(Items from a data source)

------------------------------

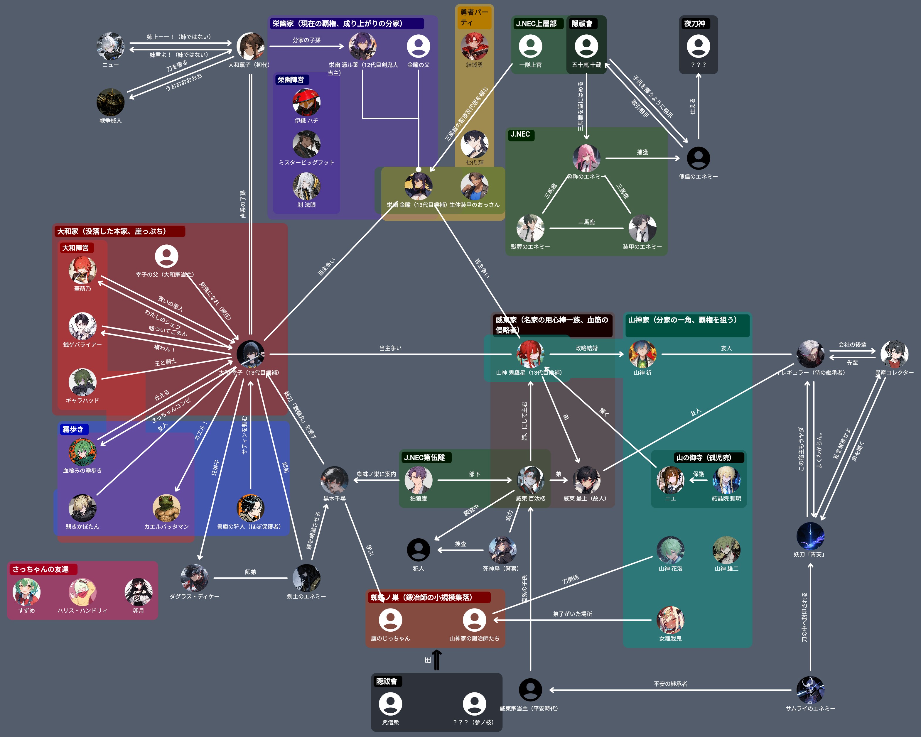 - 基本的にはさっちゃん陣衛を主人公、金瞳陣営をラスボス、鬼&百陣営をライバルのポジションとし、最終的にはさっちゃんが勝つシナリオです。
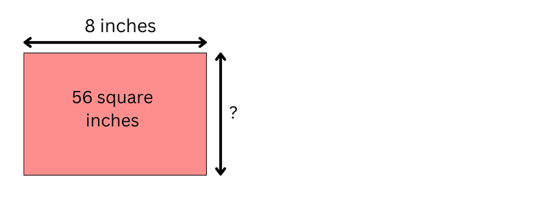 The length of the rectangle is 8 inches. The area is 56 square inches.
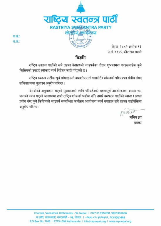 साथै रास्वपाले चाडपर्वका बेला शुभकामना पत्रहरूबाहेक कुनै किसिमको उपहार स्वीकार नगर्न नेताहरूलाई निर्देशन दिएको छ ।
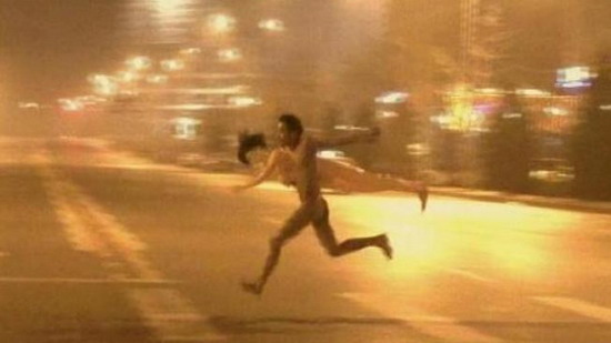 ภาพปริศนา!สาวเปลือยวิ่งตามหนุ่มแบกตุ๊กตายางกำลังเป็นที่ถกเถียงในจีน
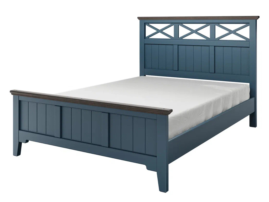 - Кровать Грация-5 1600 Сапфировый с карнизом Дуб коньяк
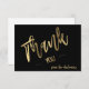Create a personalized and splendid, chic, minimalist, and simple thank you flat card for your upcoming wedding. This thank you flat card features spacious and beautiful calligraphy script writing in faux gold foil lettering with a chalkboard black background. You can easily customize it with your own text and customize it to your liking. Please note: The "Thank -You-" artwork cannot be edited. Additional Note: The gold foil print is a faux gold foil effect. It is NOT the actual hot stamping gold foil.
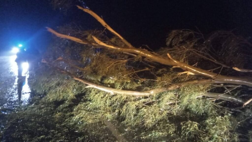 Se registraron la caída de múltiples árboles y postes de tendido eléctrico, interrumpiendo el servicio y la circulación.
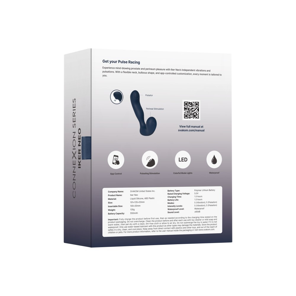 The Twin Neo is an interactive, pulsating prostate vibrator, intermediate and advanced users, which has ideal spherical curves for for a fuller feel and an elastic neck for easier positioning. Explore 5 vibration modes and intensities, while the stem head has 5 independent pulsation modes Offers adjustment for deep, targeted stimulation. Enjoy the rainbow ride while the color-changing lights indicate the vibration modes. Enjoyable and practical Iker Neo waterproof design, USB rechargeable, with travel lock, It has a memory function and a battery indicator. Az SVAKOM Connexion series, the Iker Neo is app-driven, so you can customize your settings, play remotely, and sync with interactive adult videos and webcam sites. Twin Neo pairs in seconds with the SVAKOM app. You can access bonus preset modes, or You can create your own modes with finger gestures, music, or ambient sounds. You can also use text chat, video call, or control sharing You can use it from any distance.
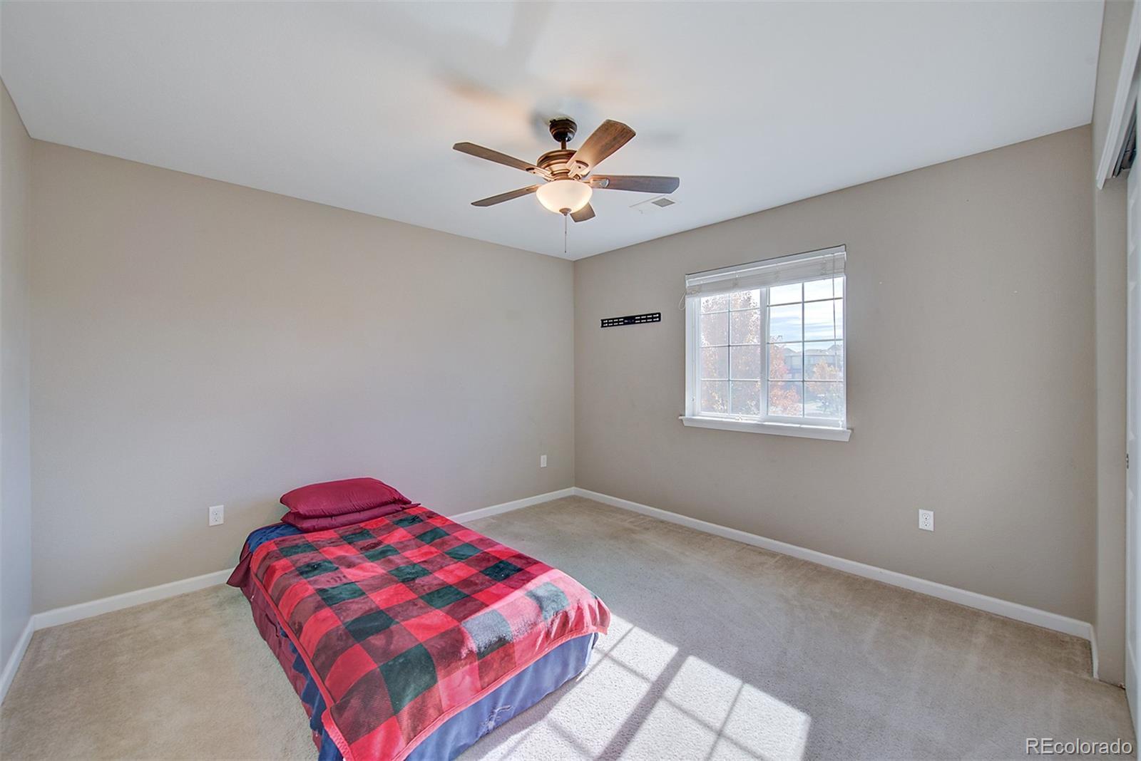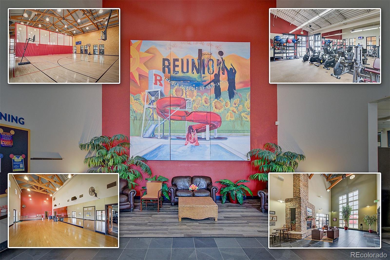 Welcome to your dream home in Reunion! This home offers enough space for everyone, featuring 5 bedrooms spread between 3 levels, 4 bathrooms, a main level living & family room, large loft on the 2nd story & additional family room in the finished basement. Everyone will be comfortable with the dual HVAC system, featuring two furnaces & central AC units. And don’t worry about running the HVAC, with the large solar system your electric bill will be minimal & if you payoff the assumable loan on the solar panels, your electric cost can be nearly nothing! You will love cooking in the gourmet kitchen featuring granite countertops, double in-cabinet ovens, gas cooktop & huge island opening to the dining & family rooms. The family room features a gas fireplace & access to the additional den/office space. Just off the dining room head out back to the low maintenance backyard, perfect for enjoying all of Colorado’s sunshine. The backyard features multiple covered sitting areas with stunning pergolas, artificial grass that will always be green & never require mowing or watering, & an in-ground trampoline! Back inside, the 2nd level has 3 spacious bedrooms, a full bathroom, laundry room, huge loft & the primary suite! The primary suite is spacious & features double walk-in closets, recessed ceiling & a 4-piece ensuite with double vanity, water closet & beautiful walk-in shower. The home is rounded off with a finished basement featuring a 2nd large family room, 3/4-bathroom, legal bedroom with egressed window & large mechanical/storage room. As if the house wasn’t offering enough, there’s more with the great master planned community, featuring a fitness center, clubhouse, community pool & multiple parks. This home is a short walk from Reunion Elementary & provides easy access to Tower Road, e-470, I76, HWY-85 & all the local restaurants, shopping & entertainment, making this home a prime location. Don’t wait, schedule your private showing today & turn this house, into your home!

------------------------------

# [Exercise prompt]
In the entries above, find the line that contains "साथै रास्वपाले चाडपर्वका" and the line that contains "The Twin Neo". Reproduce exactly those two lines and every line between them, but not the pictures.

# [Response]
 साथै रास्वपाले चाडपर्वका बेला शुभकामना पत्रहरूबाहेक कुनै किसिमको उपहार स्वीकार नगर्न नेताहरूलाई निर्देशन दिएको छ ।
 ภาพปริศนา!สาวเปลือยวิ่งตามหนุ่มแบกตุ๊กตายางกำลังเป็นที่ถกเถียงในจีน
 - Кровать Грация-5 1600 Сапфировый с карнизом Дуб коньяк
Create a personalized and splendid, chic, minimalist, and simple thank you flat card for your upcoming wedding. This thank you flat card features spacious and beautiful calligraphy script writing in faux gold foil lettering with a chalkboard black background. You can easily customize it with your own text and customize it to your liking. Please note: The "Thank -You-" artwork cannot be edited. Additional Note: The gold foil print is a faux gold foil effect. It is NOT the actual hot stamping gold foil.
 Se registraron la caída de múltiples árboles y postes de tendido eléctrico, interrumpiendo el servicio y la circulación.
 The Twin Neo is an interactive, pulsating prostate vibrator, intermediate and advanced users, which has ideal spherical curves for for a fuller feel and an elastic neck for easier positioning. Explore 5 vibration modes and intensities, while the stem head has 5 independent pulsation modes Offers adjustment for deep, targeted stimulation. Enjoy the rainbow ride while the color-changing lights indicate the vibration modes. Enjoyable and practical Iker Neo waterproof design, USB rechargeable, with travel lock, It has a memory function and a battery indicator. Az SVAKOM Connexion series, the Iker Neo is app-driven, so you can customize your settings, play remotely, and sync with interactive adult videos and webcam sites. Twin Neo pairs in seconds with the SVAKOM app. You can access bonus preset modes, or You can create your own modes with finger gestures, music, or ambient sounds. You can also use text chat, video call, or control sharing You can use it from any distance.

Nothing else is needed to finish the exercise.